A mussel farm in Bulgaria that received EU funding may not exist at all, European prosecutors said on October 20, after an underwater inspection found only sand where the farm was supposed to be.
The case shows how EU money can be stolen with fake documents and little oversight, wasting public funds and harming trust in EU programmes meant to support real local projects.
This particular project, approved in July 2020, was meant to grow black mussels in the Black Sea, southeast of Cape Emine in the Burgas region. It received €280,230, mostly from the European Maritime and Fisheries Fund, with the rest coming from Bulgaria’s national budget.

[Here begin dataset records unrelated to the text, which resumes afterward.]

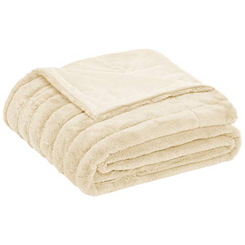 Amazon Basics - Coperta in finta pelliccia con trapuntatura a righe, Avorio, 150 x 200 cm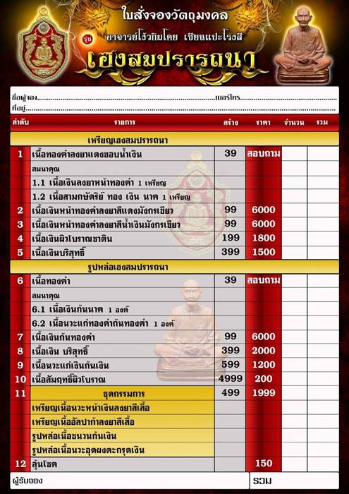 รายการ 11.ชุดกรรมการ (รับวัตถุมงคล 4 รายการ) ราคาจอง 1,999.-บาท มียอด = 5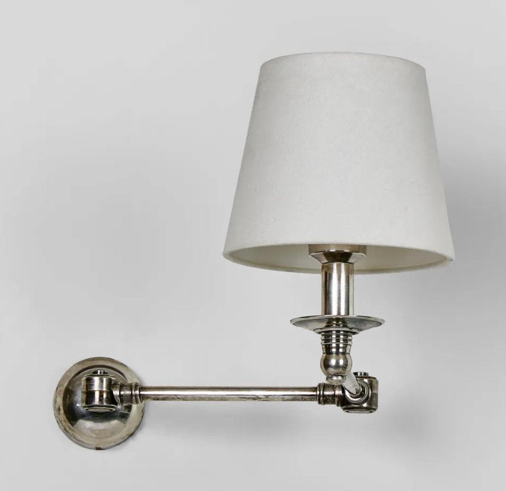 Introducing the Cape Sconce in Antique Silver, our industrial swing-arm wall light in a rich, authentic aged look. With a round backplate and swing arm, this functional and attractive light adds warmth to any bedside or seating area.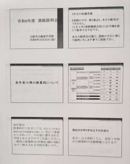 本日欠席されたご家庭には、来週以降に資料を生徒を通してお渡しいたします。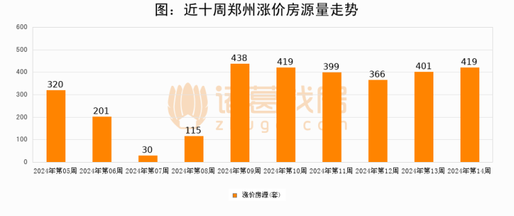 从调价房源来看,第13周郑州涨价房源419套,较上周上涨4.5%。与此同时,13周涨价房源占比提升0.29个百分点,业主信心持续恢复。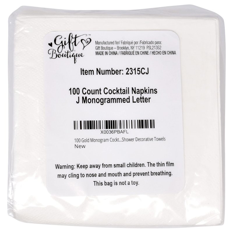 - Monogrammed Cocktail Napkins Serve 100: Gift Boutique square monogram cocktail napkins features the letter J printed in gold foil on white. These napkins will definitely enhance your table and impress your guests. These are essential for providing guests high-end comfort and luxury. Measures: 5" x 5" folded and 10" x 10" unfolded.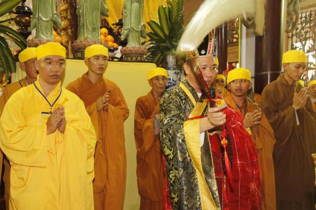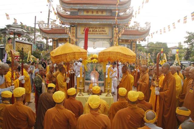 Sau cùng, Đại Đức Thích Thiện Chí – Trưởng Ban Nghi Lễ GHPGVN tỉnh Đồng Tháp đương vi Sám chủ, cử phất trần, sái tịnh, tiến hành nghi thức phụng thỉnh Linh mô, kim quan nhập bảo tháp tại khuôn viên chùa Hoà Long.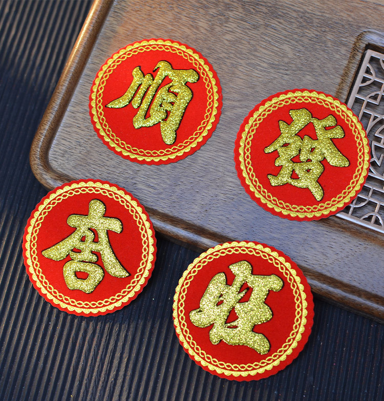 Мини наклейки с символом удачи, самоклеящиеся, фланелевые, для празднования Средины осени и Весны, аксессуары для фестиваля фонарей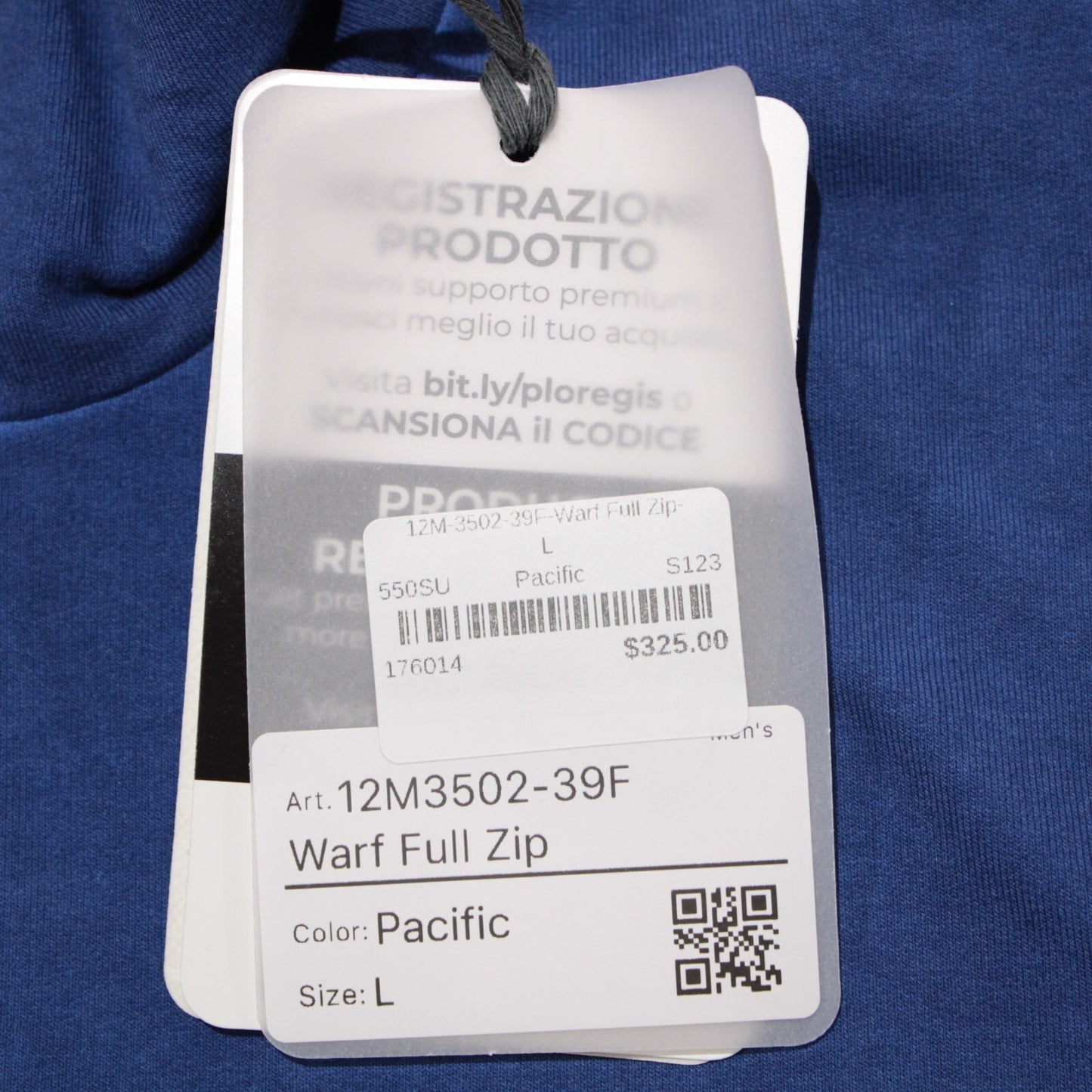 Ploumanac'h NWT Warf Full Zip Sweatshirt Size L in Pacific Blue Cotton Blend

But a recent inspection by the European Public Prosecutor’s Office (EPPO), using drones and divers, found no signs of mussel farming equipment such as ropes, chains or pipes on the 240,000 square metre site — just sand. Only three surface buoys were found, and they were not connected.
“The underwater footage revealed no farm infrastructure,” the EPPO said in a statement.
Earlier checks in 2021 had already raised questions. Inspectors found boundary markers but said they couldn’t confirm the farm's existence due to lack of underwater equipment. A scientific expert listed as the author of the farm’s technical plan also denied being involved, according to the EPPO.
The project was declared operational in July 2021, two months before its final deadline.
The investigation is ongoing, with support from Bulgarian police. No charges have been filed, and all those involved are presumed innocent unless proven guilty.